# [Directions for this task]
In the data below, locate the line containing "Детская футболка выполнена" and the line containing "0522 Měřící a", then retype both and everything between them exactly. Pictures are not part of the copy.

# [Exercise input]
# # # # # # #

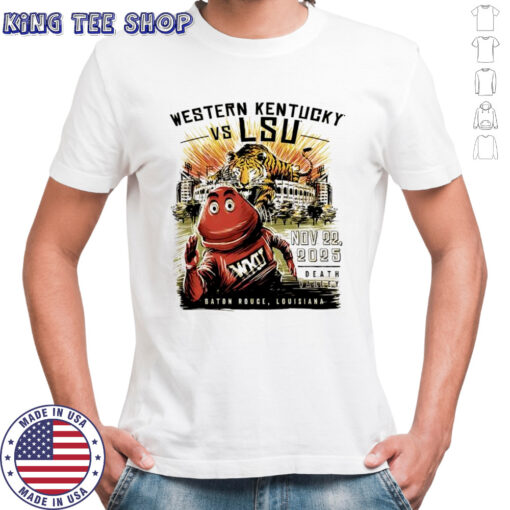 **LSU Tigers vs Western Kentucky gameday 2025 mascot shirt** brings the spirit of the game to life in a vibrant and captivating design. Picture this: a roaring tiger, emblematic of strength and passion, facing off against a spirited mascot, embodying energy and team pride. The clash of colors and symbols on this shirt creates an electrifying visual feast for any sports enthusiast. The intricate details and dynamic composition make it a standout piece, perfect for expressing your love for the game in style.
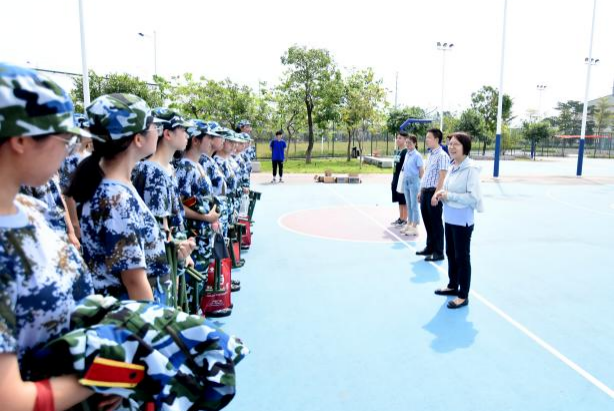 9月7日上午,学院党委书记邵桂珍带队来到新生军训场地,看望慰问147名本科新生,并为新生们送上了学院精心准备的功能饮料,希望同学们能够斗志昂扬、精神饱满地投入军训中。邵桂珍对军训教官和新生入学教育助教的辛劳付出给予赞扬,对新生的训练成果和精神风貌给予肯定。同时,希望通过军训,能够树牢同学们的国防安全意识,培养大家吃苦耐劳、团结协作的精神;鼓励大家坚持训练,增强体质,为今后的学习和科研工作打好坚实的身体基础。
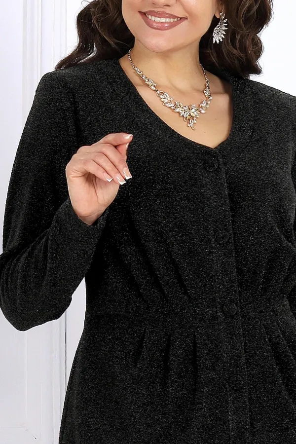 Жакет отрезной по линии талии, выполнен из трикотажного полотна с фактурной лицевой стороной «люрекс». Модель на подкладке, с плечевыми накладками; без воротника, с V-образным вырезом горловины. В верхней части переда заложены 3 односторонние складки, направленные от талии к центру груди, и 3 односторонние складки на баске, направленные к низу. На спинке обработаны талиевые вытачки. Борта и горловина оформлены отрезной планкой. Жакет с однобортной застежкой на 5 прорезных петель и 5 пуговиц, обтянутые основным материалом. Рукав длинный, втачной. Длина жакета – 68 см; длина рукава – 61 см.
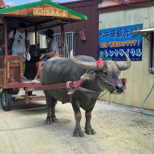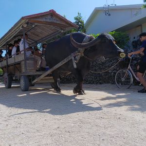 竹富島までのフェリー代と水牛と竹富島を巡るツアー代が含まれており、お得です。ゆったりとした水牛と楽しむことができました。最後には写真を撮っていただき、その写真を購入することもでき、思い出づくりにはぴったりだと思います。実際に私たちは写真を購入して、家に飾る予定です。石垣島に行って午後半日時間があるという方はぜひ水牛と一緒に竹富島を楽しんでみてはいかがでしょうか(^ ^)
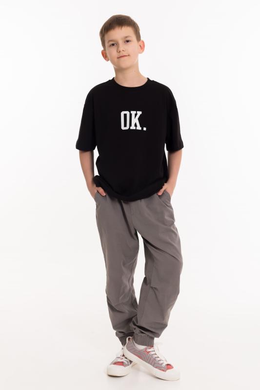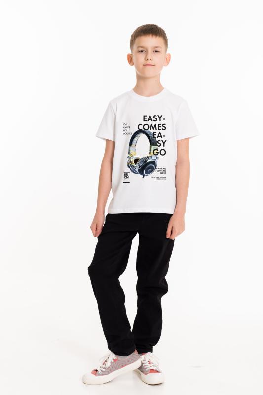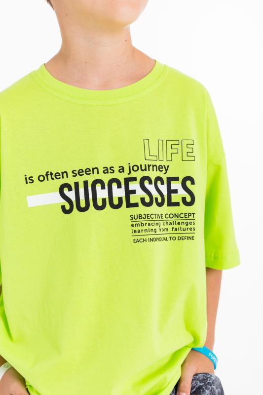 Детская футболка выполнена из мягкого хлопкового полотна, приятного к телу и комфортного в носке. Модель свободного кроя с круглым вырезом горловины и рукавами длиной до локтя обеспечивает удобство и свободу движений. Спущенная линия плеча придаёт изделию современный и непринуждённый вид, делая футболку отличным вариантом для повседневного гардероба ребёнка.
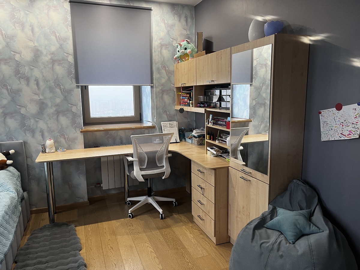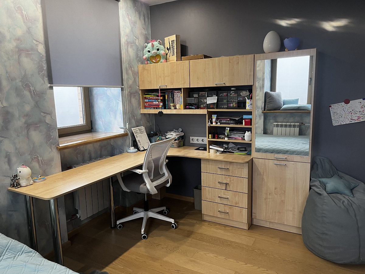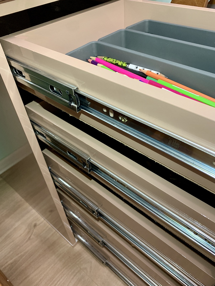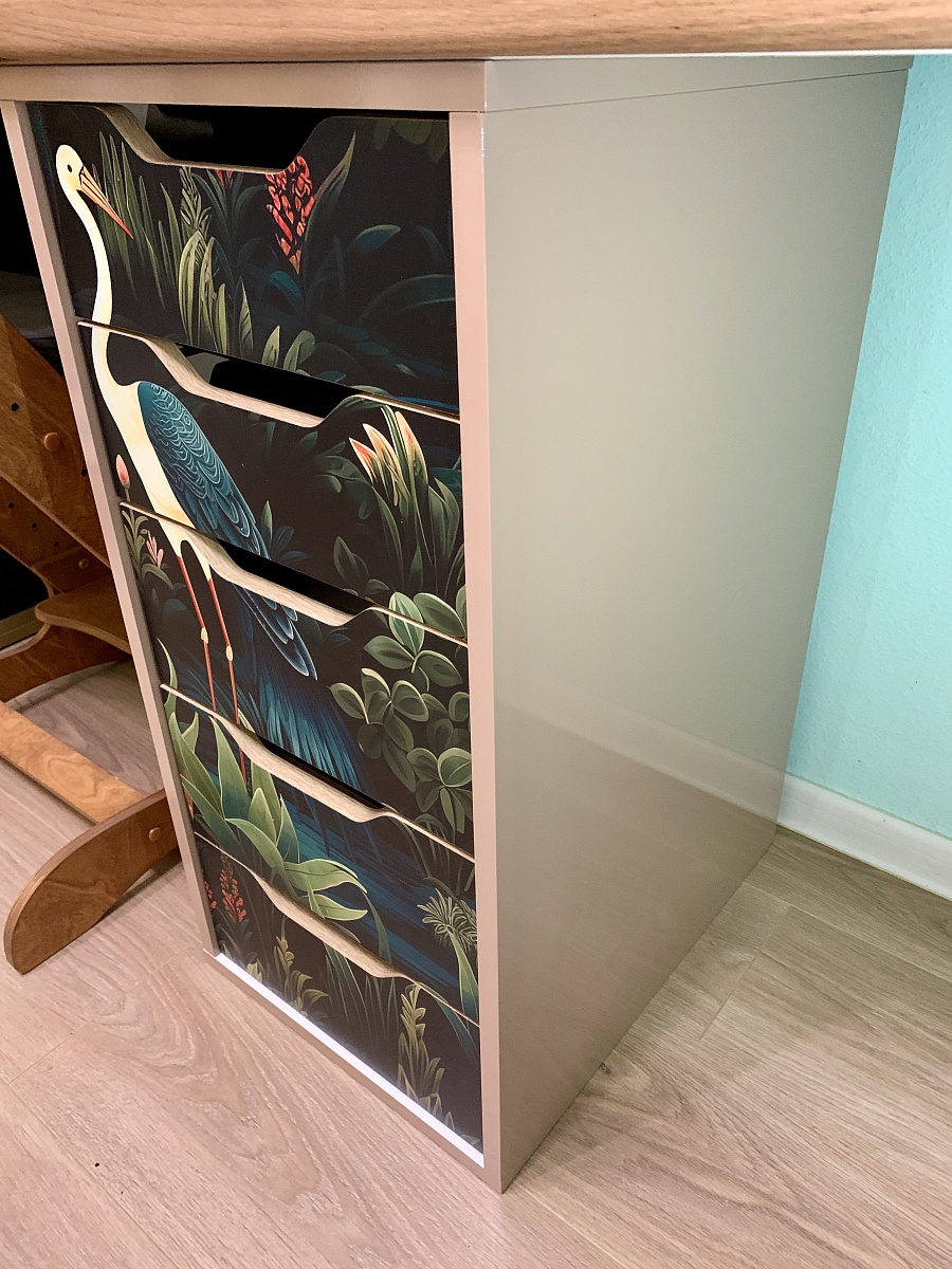 в этом заказе всё индивидуально: глянцевый корпус, в т.ч. задняя стенка, скрытые крепежи, шариковые направляющие с доводчиком, фотопечать, материал мдф. Получилось мощно! Мы довольны. Выполняет функцию разделителя под детским столом.
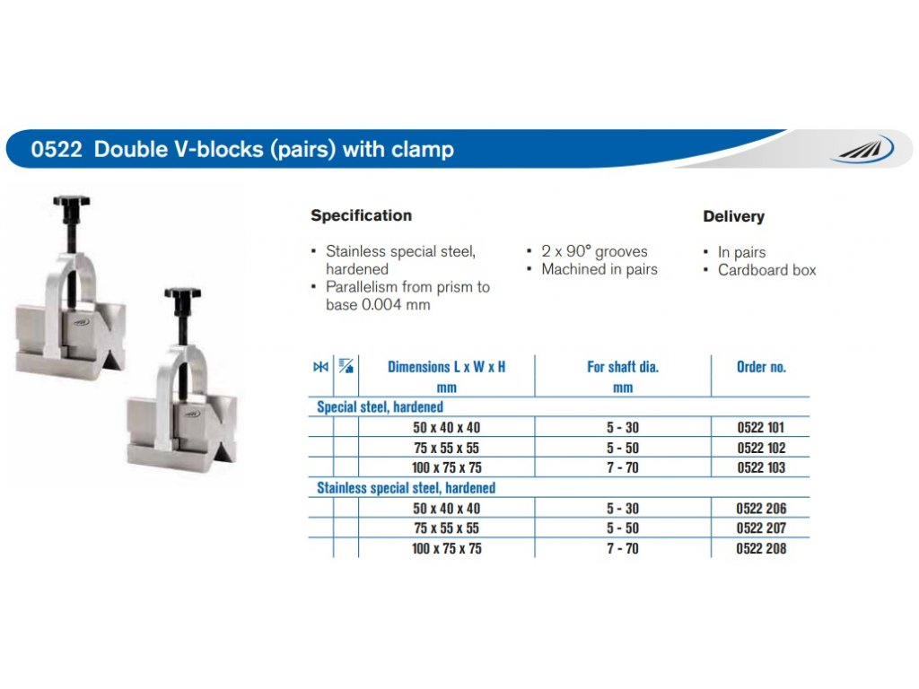 0522 Měřící a upínací prizmata s třmenem v páru, Helios-Preisser
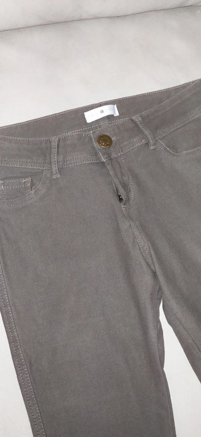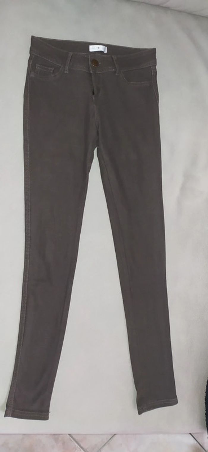 Jeans kaki souple, coupe skinny Très bon état Étiquette notée 38 mais correspond à un 36 Mon dressing est rangé par taille. Pour voir tous mes vêtements en taille 36 cliquez sur le lien #celine_yiyi_36 ATTENTION pour que les liens fonctionnent, pensez à supprimer vos filtres et recherches 😊
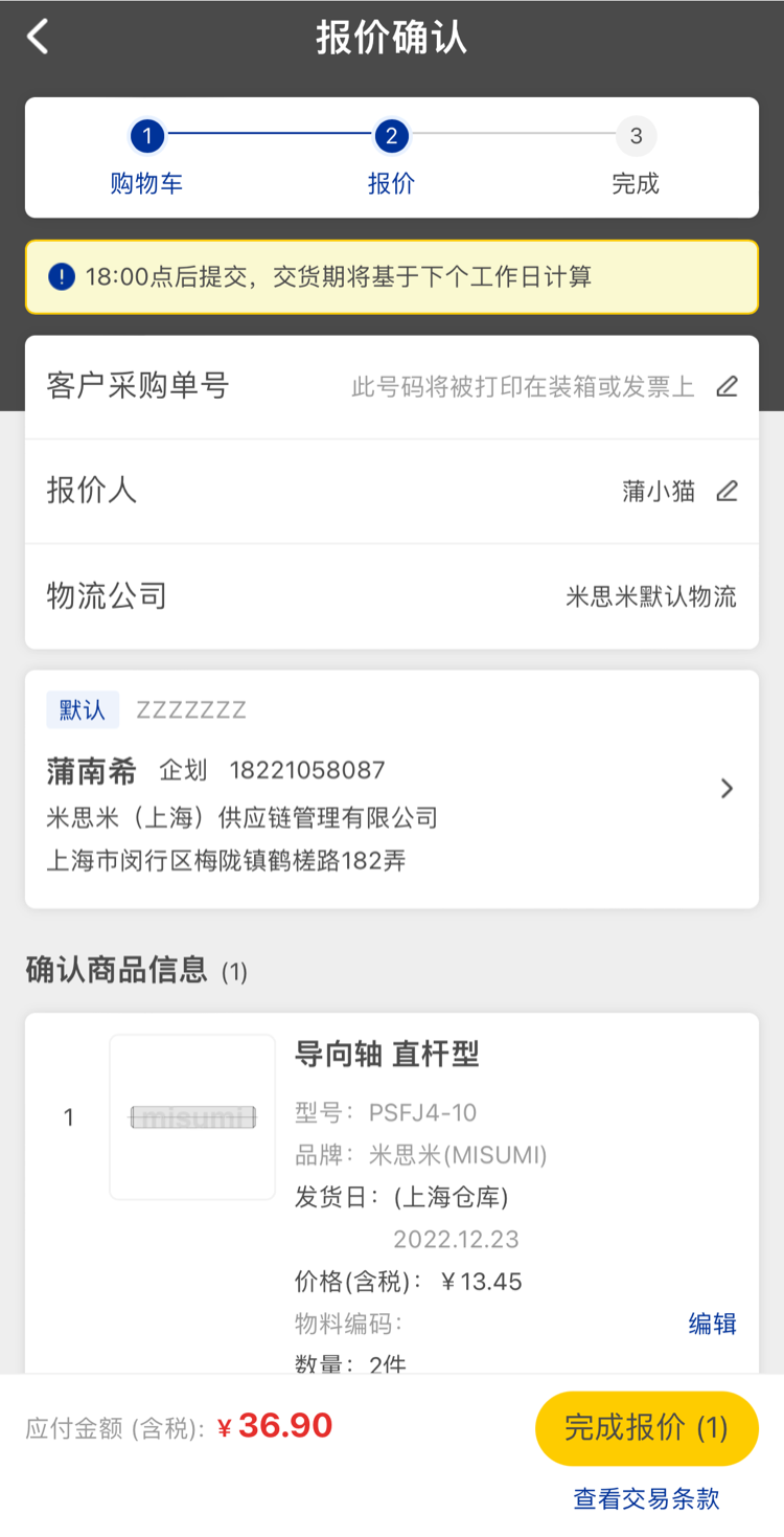 二、確認(rèn)收貨信息,點(diǎn)擊【完成報(bào)價(jià)】,完成此次報(bào)價(jià)。
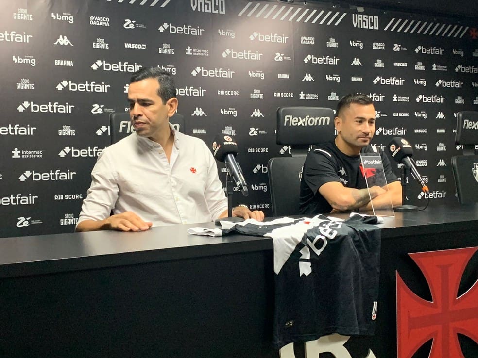 O diretor executivo do Vasco, Marcelo Sant’anna, deu uma entrevista coletiva nesta quarta-feira ao lado de Jean David, o quinto reforço do clube nesta temporada.
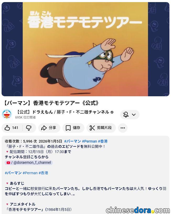《多啦A夢(香港譯名)/哆啦A夢(台灣譯名)》等藤子.F.不二雄作品的日本 YouTube 官方頻道(【公式】ドラえもん / 藤子・F・不二雄チャンネル)近期持續固定更新,挑選過往動畫集數、提供限時免費重溫。
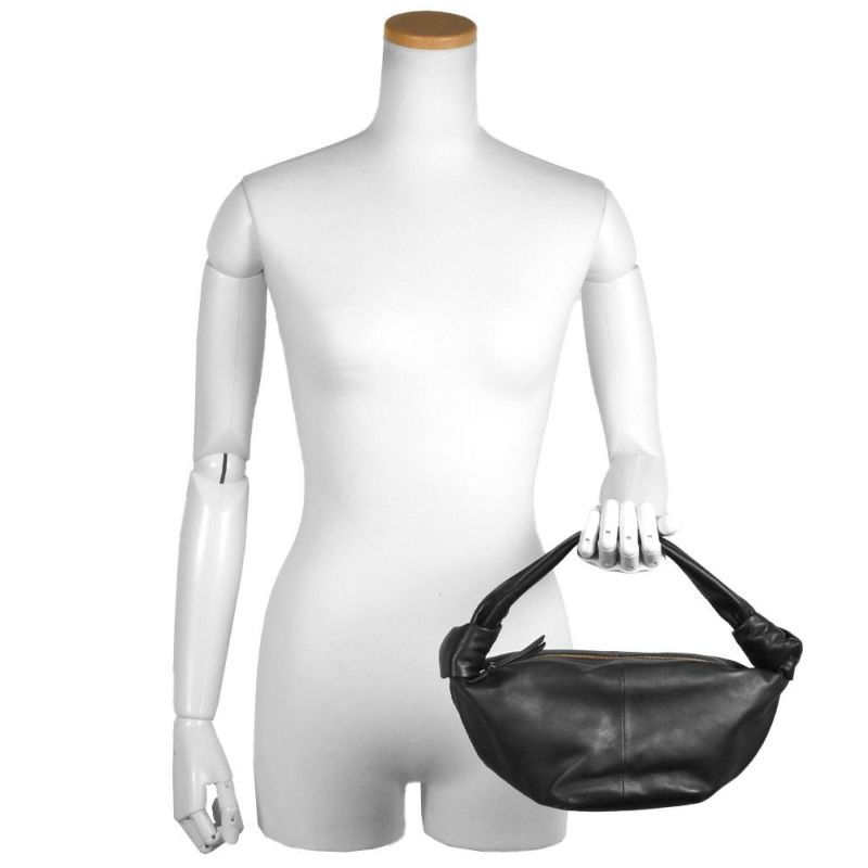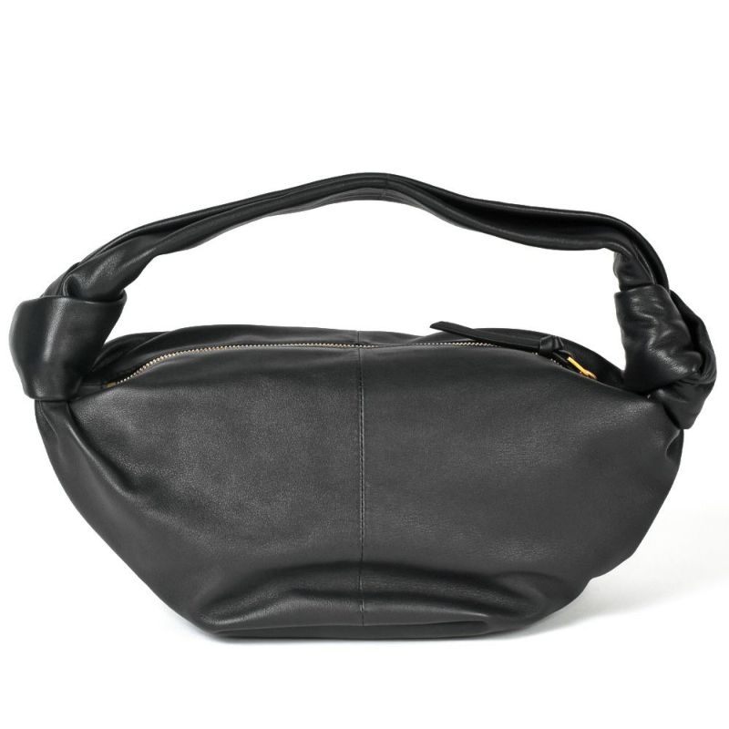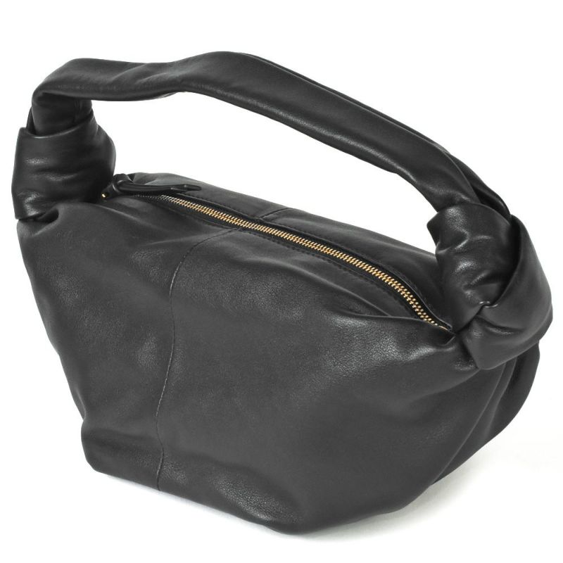 美品 ボッテガヴェネタ BOTTEGA VENETA ダブルノット ミニ ハンドバッグ レザー ブラック【中古】

# # # # # # #

# [Output of the task]
 Детская футболка выполнена из мягкого хлопкового полотна, приятного к телу и комфортного в носке. Модель свободного кроя с круглым вырезом горловины и рукавами длиной до локтя обеспечивает удобство и свободу движений. Спущенная линия плеча придаёт изделию современный и непринуждённый вид, делая футболку отличным вариантом для повседневного гардероба ребёнка.
 в этом заказе всё индивидуально: глянцевый корпус, в т.ч. задняя стенка, скрытые крепежи, шариковые направляющие с доводчиком, фотопечать, материал мдф. Получилось мощно! Мы довольны. Выполняет функцию разделителя под детским столом.
 0522 Měřící a upínací prizmata s třmenem v páru, Helios-Preisser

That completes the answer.